Certificates and trust/trustee should be released correctly
when creating bay is failed.
This fixes it.

Change-Id: Ic784a57ef751526123898f00447ebe8fac650d3e
Closes-Bug: #1560308
---
 magnum/common/exception.py                         |   8 ++
 magnum/conductor/handlers/bay_conductor.py         |  10 +-
 magnum/conductor/handlers/common/cert_manager.py   |  26 ++++--
 magnum/conductor/handlers/common/trust_manager.py  |  27 ++++--
 .../conductor/handlers/common/test_cert_manager.py |  11 +++
 .../handlers/common/test_trust_manager.py          |  11 +++
 .../unit/conductor/handlers/test_bay_conductor.py  | 104 ++++++++++++++++-----
 7 files changed, 152 insertions(+), 45 deletions(-)

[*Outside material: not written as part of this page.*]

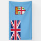 Ce dessin présente le drapeau national de Fidji (officiellement connu sous le nom de République de Fidji), un pays insulaire de Mélanésie, partie de l'Océanie dans l'océan Pacifique Sud. Le pays se trouve à environ 2 000 km au nord-est de la Nouvelle-Zélande. Fidji se compose d'un archipel de plus de 330 îles, dont environ 110 sont habitées en permanence, et de plus de 500 îlots, soit un total d'un peu plus de 10 000 km de carré. Le groupe insulaire le plus excentré est Ono-i-Lau. La grande majorité de la population fidjienne vit sur les deux principales îles, Viti Levu et Vanua Levu. Près des trois quarts des Fidjiens vivent sur les côtes de Viti Levu : dans la capitale Suva ou dans des centres urbains plus petits comme Nadi, où le tourisme est la principale industrie locale, ou à Lautoka, où l'industrie de la canne à sucre domine. L'intérieur de Viti Levu est peu habité.

diff --git a/magnum/common/exception.py b/magnum/common/exception.py
index 9f06fe4..c807eea 100644
--- a/magnum/common/exception.py
+++ b/magnum/common/exception.py
@@ -569,3 +569,11 @@ class QuotaAlreadyExists(Conflict):
 
 class RegionsListFailed(MagnumException):
     message = _("Failed to list regions.")
+
+
+class TrusteeOrTrustToBayFailed(MagnumException):
+    message = _("Failed to create trustee or trust for Bay: %(bay_uuid)s")
+
+
+class CertificatesToBayFailed(MagnumException):
+    message = _("Failed to create certificates for Bay: %(bay_uuid)s")
diff --git a/magnum/conductor/handlers/bay_conductor.py b/magnum/conductor/handlers/bay_conductor.py
index 6a51802..9164aa7 100644
--- a/magnum/conductor/handlers/bay_conductor.py
+++ b/magnum/conductor/handlers/bay_conductor.py
@@ -132,12 +132,14 @@ class Handler(object):
             cert_manager.generate_certificates_to_bay(bay)
             created_stack = _create_stack(context, osc, bay,
                                           bay_create_timeout)
-        except exc.HTTPBadRequest as e:
+        except Exception as e:
             cert_manager.delete_certificates_from_bay(bay)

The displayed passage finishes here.